* Required work *
Scan the records below for the line with "作者:宋祥生 年份:当代 落款内容:毛泽东词沁园春雪,岁次辛卯年宋祥生书。" and the line with "最上階、角部屋、南東向き、一", and retype that range exactly, both ends included, pictures excepted.

* Given data *
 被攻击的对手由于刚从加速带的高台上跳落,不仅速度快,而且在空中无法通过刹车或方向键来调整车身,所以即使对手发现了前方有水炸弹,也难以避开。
--
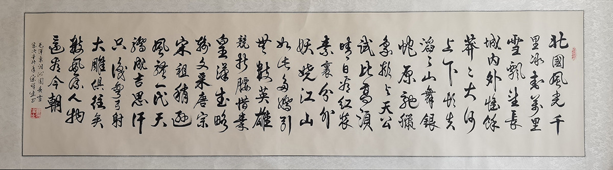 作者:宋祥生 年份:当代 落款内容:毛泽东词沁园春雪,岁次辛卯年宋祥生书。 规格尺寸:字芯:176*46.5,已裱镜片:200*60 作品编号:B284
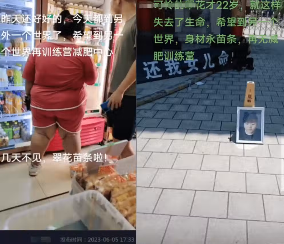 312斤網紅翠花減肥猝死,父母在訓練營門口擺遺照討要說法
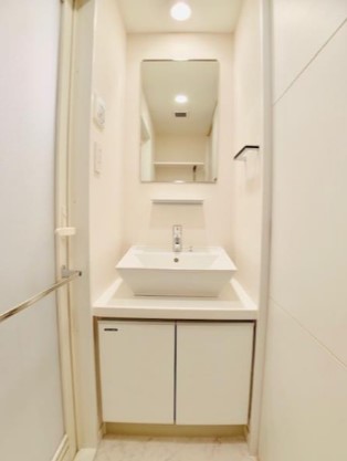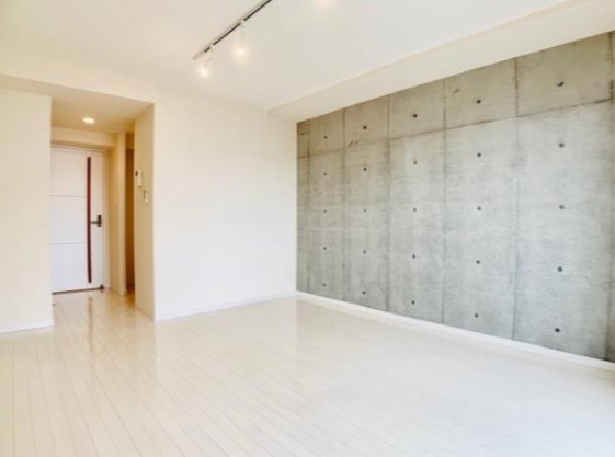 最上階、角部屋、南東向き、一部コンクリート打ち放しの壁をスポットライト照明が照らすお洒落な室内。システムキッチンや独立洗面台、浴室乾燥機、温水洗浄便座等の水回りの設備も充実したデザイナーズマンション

* Solution to the problem *
 作者:宋祥生 年份:当代 落款内容:毛泽东词沁园春雪,岁次辛卯年宋祥生书。 规格尺寸:字芯:176*46.5,已裱镜片:200*60 作品编号:B284
 312斤網紅翠花減肥猝死,父母在訓練營門口擺遺照討要說法
 最上階、角部屋、南東向き、一部コンクリート打ち放しの壁をスポットライト照明が照らすお洒落な室内。システムキッチンや独立洗面台、浴室乾燥機、温水洗浄便座等の水回りの設備も充実したデザイナーズマンション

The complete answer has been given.